» DATA SEGMENT:

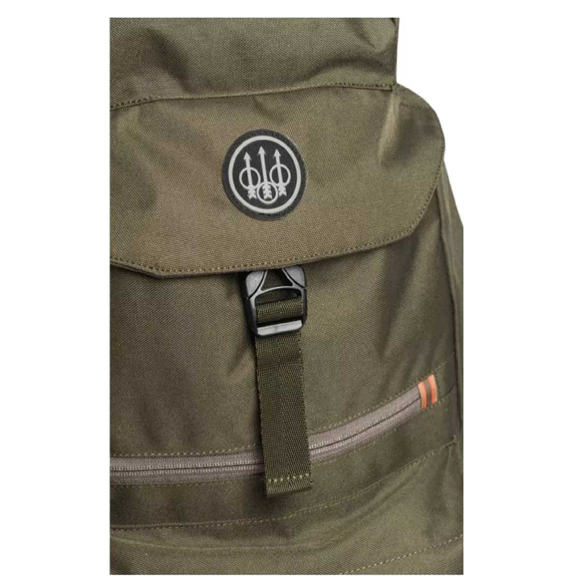 Раница на италианската фирма Beretta, модел Green 25L. Мултифункционална раница с вместимост 25 литра, изработена от здрава материя, подходяща за различни нужди на ловеца. Всеки детайл е проектиран да предлага максимална функционалност. Има капак и се закопчава с катарама. Има горен джоб, 3 странични джоба с YKK цип, подплатена опора за гърба, подплатени презрамки и регулируеми дръжки. Изработен от висококачествена, здрава и водоустойчива материя 100% полиестер в зелен цвят.
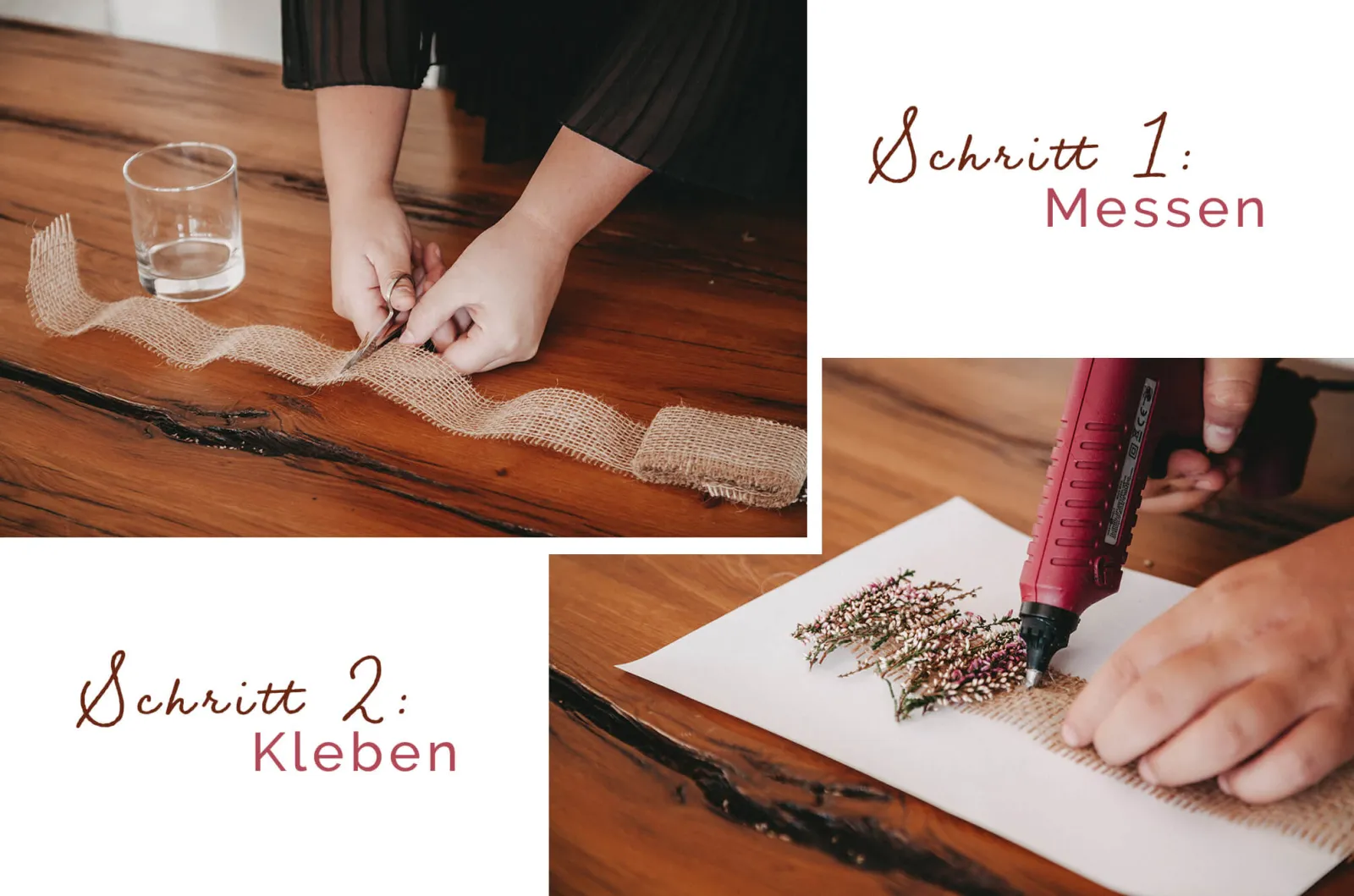 Ziehe nach und nach einen Heißklebesteifen in der Mitte des Dekobandes und platziere der Reihe nach vertikal die Heidestängel darauf. Drücke sie leicht fest, sodass sie gut halten. Spare den Zentimeter Überschuss aus.
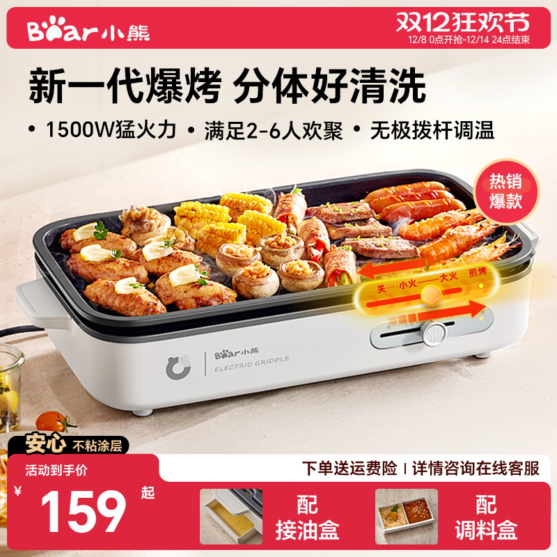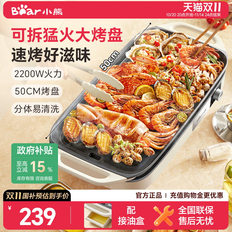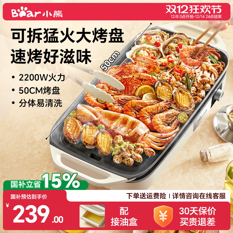 小熊烤肉锅电烤盘家用烤肉炉烤鱼盘一体室内轻烟可拆洗户外烹饪机
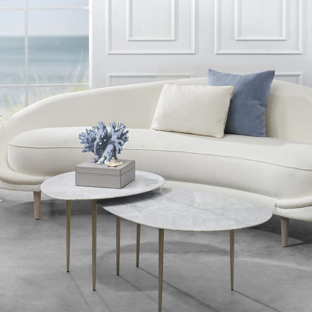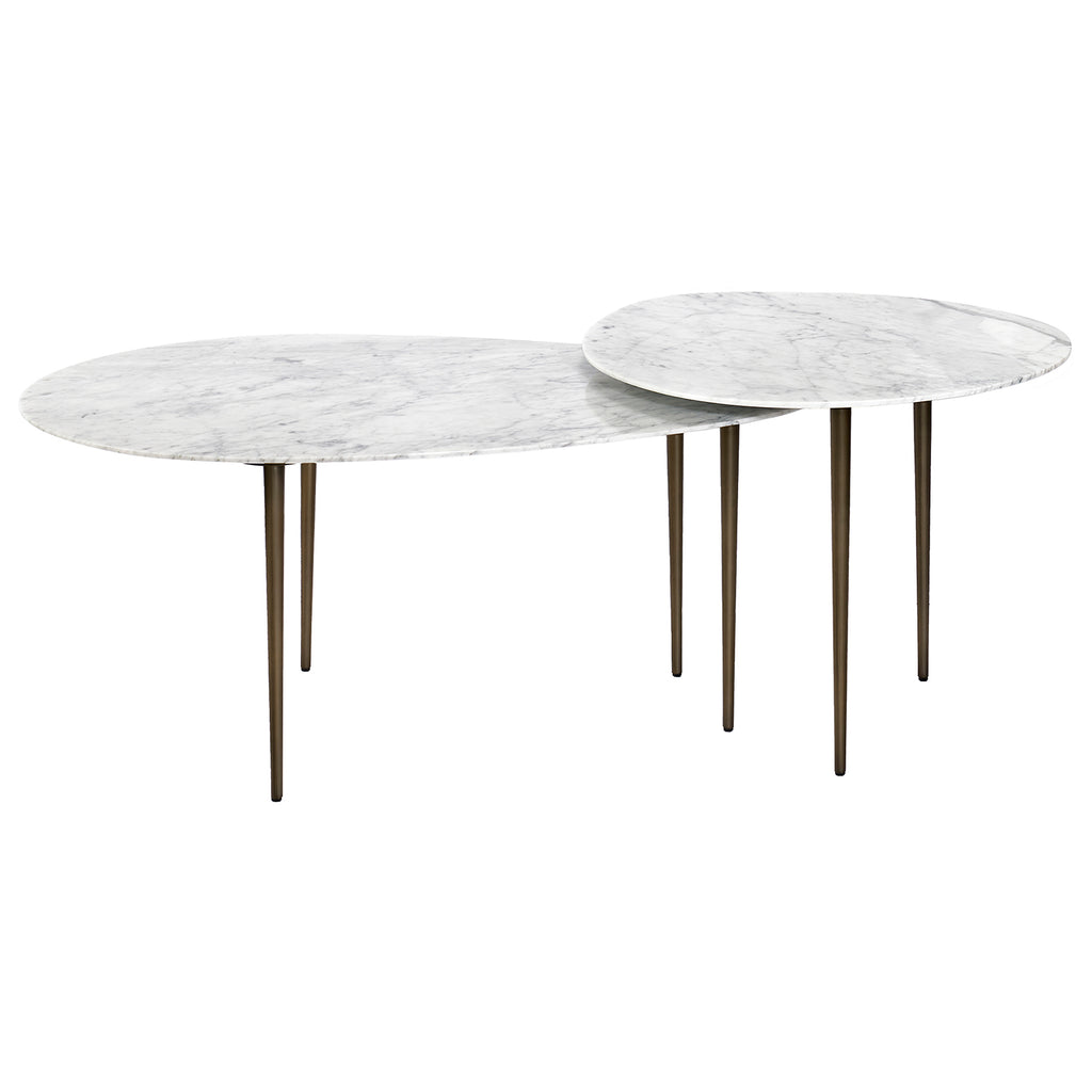 A sleek, eye-catching duo, the Alexia Bunching Cocktail Tables boast luxurious carrara white marble, stainless steel legs in an antique bronze finish and mid-century modern vibes. Granite and marble are natural materials; variations in coloration, veining and texture are to be expected. Veins, smooth to the touch, are not defects, but rather natural imperfections that add to the uniqueness and charm of each piece.

» EXERCISE:
A word-for-word copy of the lines from the start of the listing through the line containing "小熊烤肉锅电烤盘家用烤肉炉烤鱼盘一体室内轻烟可拆洗户外烹饪机" is the answer. Pictures stay out of it.

» FINISHED TASK:
 Раница на италианската фирма Beretta, модел Green 25L. Мултифункционална раница с вместимост 25 литра, изработена от здрава материя, подходяща за различни нужди на ловеца. Всеки детайл е проектиран да предлага максимална функционалност. Има капак и се закопчава с катарама. Има горен джоб, 3 странични джоба с YKK цип, подплатена опора за гърба, подплатени презрамки и регулируеми дръжки. Изработен от висококачествена, здрава и водоустойчива материя 100% полиестер в зелен цвят.
 Ziehe nach und nach einen Heißklebesteifen in der Mitte des Dekobandes und platziere der Reihe nach vertikal die Heidestängel darauf. Drücke sie leicht fest, sodass sie gut halten. Spare den Zentimeter Überschuss aus.
 小熊烤肉锅电烤盘家用烤肉炉烤鱼盘一体室内轻烟可拆洗户外烹饪机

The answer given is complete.